We then asked what her biggest fear is as a writer and she gave us two answers:
- Dying before I’ve said everything; dying before I’ve read everything.
- Making some kind of horrifying mistake in a published piece & having (black) writers whom I admire turn away from me, leaving me in lonely obscurity for the remainder of my career. Haha! This second fear is irrational, I think.
We asked if she has any recent or upcoming projects she’d like to share.
Her response: “Yes, I have two recent publications: Little Girl Blue: Poems (winner of 2021 Host Publications Chapbook prize) and a study of Kendrick’s Lamar To Pimp a Butterfly (33 1/3 series, Bloomsbury).

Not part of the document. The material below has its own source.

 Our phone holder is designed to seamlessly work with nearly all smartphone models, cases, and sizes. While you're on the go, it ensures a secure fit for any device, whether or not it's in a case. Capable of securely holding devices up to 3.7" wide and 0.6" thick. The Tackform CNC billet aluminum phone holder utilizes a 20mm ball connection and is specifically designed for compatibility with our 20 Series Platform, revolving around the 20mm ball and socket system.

More projects are coming: a bibliographic review of the poetry of Jayne Cortez; an essay on the funk impulse of rap music; a memoir.”

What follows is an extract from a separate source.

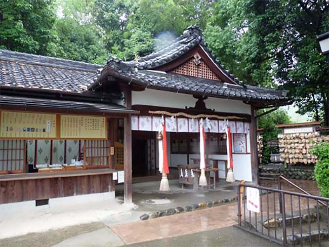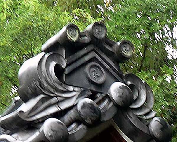 屋根に載る瓦には、水流のような「三つ巴」の神紋。 |
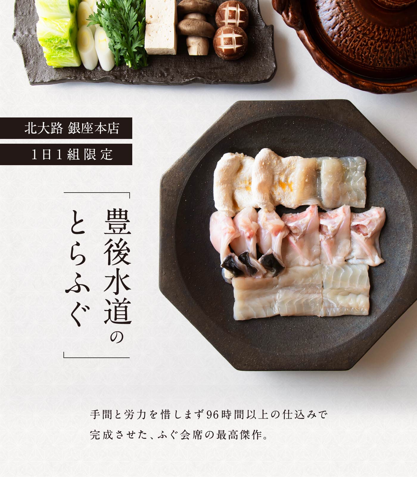 【銀座本店 一日一組限定】96時間熟成「豊後水道ふぐの特別会席」のご案内

That’s quite a lot going on and kudos for getting so much wonderful work out into the world! This leads us to ask what her biggest influences are and what she enjoys reading.
Her response: “It seems I always return to Langston Hughes. The novels of Toni Morrison and James Baldwin are well-worn in my house. For laughter, I read Chester Himes & The Boondocks comic strips. For solemnity, I read Etheridge Knight, Robert Hayden & Georgia Douglas Johnson. For inspiration, I read Evie Shockley. Douglas Kearney, & Lucille Clifton. For theorizing, I read bell hooks, Christina Sharpe, Kevin Quashie, & Robin DG Kelly. My favorite audiobook is Mariah Carey’s memoir, The Meaning of Mariah Carey. I really want to spend long, uninterrupted time with the poetry of Sherley Anne Williams.
And finally, as it is will all our artists, we asked what she thinks of when she hears the phrase “The Good Life” and her response seems to be a poem, in and of itself…
“clean air
clean water
sound mind
dreamy sex
dreamy sleep
lush crops
clear sky
stormy sky
homeostasis
no racists
no rapists
no capitalists
no prisons
no police pigs
no slave wages
no war
no war
no travel restrictions
no abortion bans
no capitol insurrections
no hands-up-don’t-shoot shooting deaths
no CPS-gonna-take-your-babies kinda deaths
no blue-ooze*-wipe-your-home-away type of deaths
but all the blues
*Shout out Jayne Cortez, I am thinking of her poem “I Got the Blue-Ooze 93”
Sounding this out causes quite a bit of movement.. Love it!!
Thanks again, Sequoia! We’re honored you trusted us with your words and glad you’ve been able to create something from the experience of being reunited with your sister. We wish you the best in life and all your writing endeavors.